FilterHN

Context Sculpting

20 points

by perceptronblues

21 hours ago

| past

| 5 comments

| perceptiontheory.bearblog.dev

| HN

▲

theowaway213456

19 hours ago

[-]

Not a single mention of prompt caching in this article, which is a massive benefit of append-only context.

▲

unholiness

18 hours ago

[-]

If it were, I can in theory see situations where improving content cleanliness is worth blowing away the KV cache.

But I absolutely can't see how feeding the entire context into a more expensive model multiple times per task, just to propose context edits that might indirectly help, could ever be worthwhile.

▲

jauntywundrkind

17 hours ago

[-]

Cost wise yes, but in terms of getting the correct best work done? Meh, not helpful!

I think more what's missing here is the comparison of different tries, from the same head. And there prompt caching does help!

▲

JSR_FDED

20 hours ago

[-]

All this mucking about with harnesses and context is really just Markdown engineering.

▲

0gs

20 hours ago

[-]

i definitely considered something like this for the local-first harness i made ... i just don't think most people have the RAM to be able to run two good models yet. maybe i'm wrong though. but i also think a single "agent" can compartmentalize itself into subdivisions better than we imagine (i.e., much much better than any single human can). i ended up creating a broker, though, so at least the tool calls don't eat up as much context. and the auto-reset thing is definitely legit.

▲

andai

19 hours ago

[-]

See also: agent harness in 50 lines (based on mini-swe-agent).

https://minimal-agent.com/

I followed this tutorial earlier today and I'm having a lot of fun with it.

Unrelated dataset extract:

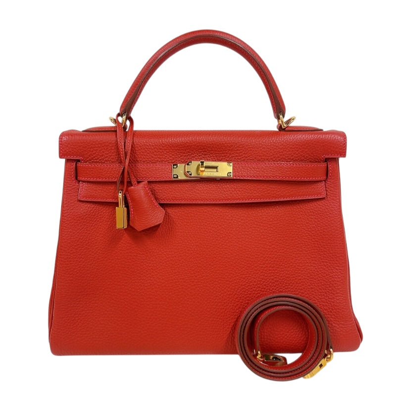 エルメス HERMES ケリー32 内縫い □Q刻印 (2013年製) ヴァーミリオン ゴールド金具 トゴ レディース ハンドバッグ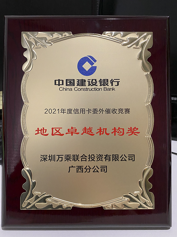 2022年7月,火热的邕城,是燃烧的季节也是收获的季节!广西万乘建行团队员通过不懈的努力,荣获中国建设银行2021年度信用卡委外催收竞赛“地区卓越机构奖”。

https://gist.github.com/a-n-d-a-i/cb5e929b4c87b8d185760d0264...

I added a 2nd while loop so that it takes user input. And vendored my tiny llm lib (so it's 150 lines now, and dependency free :)

---

As for context-sculpting, the economics are different when not touching the context gives you the >98% discount everyone's doing now. (Although it might be worth fiddling with the suffix... not sure yet!)

e.g. this issue: "ToolSearch saves ~15K tokens per request in prompt size, but at the cost of breaking prefix-based caching for models like DeepSeek that rely on stable prefixes. For heavy users of DeepSeek through OpenRouter, the savings from smaller prompts are dwarfed by the increased cost from cache misses."

https://github.com/QwenLM/qwen-code/discussions/4065

▲

saint-evan

7 hours ago

[-]

This is really interesting 'vibe research'. I also really like the term as well, it points to how much more easy exploration has become with these tools. Anyway, this idea of context sculpting is something I’ve been circling for a while too, especially since the edit button appeared in chat UIs. The takeaway is similar to yours but leans closer to something like user-side auto-compaction.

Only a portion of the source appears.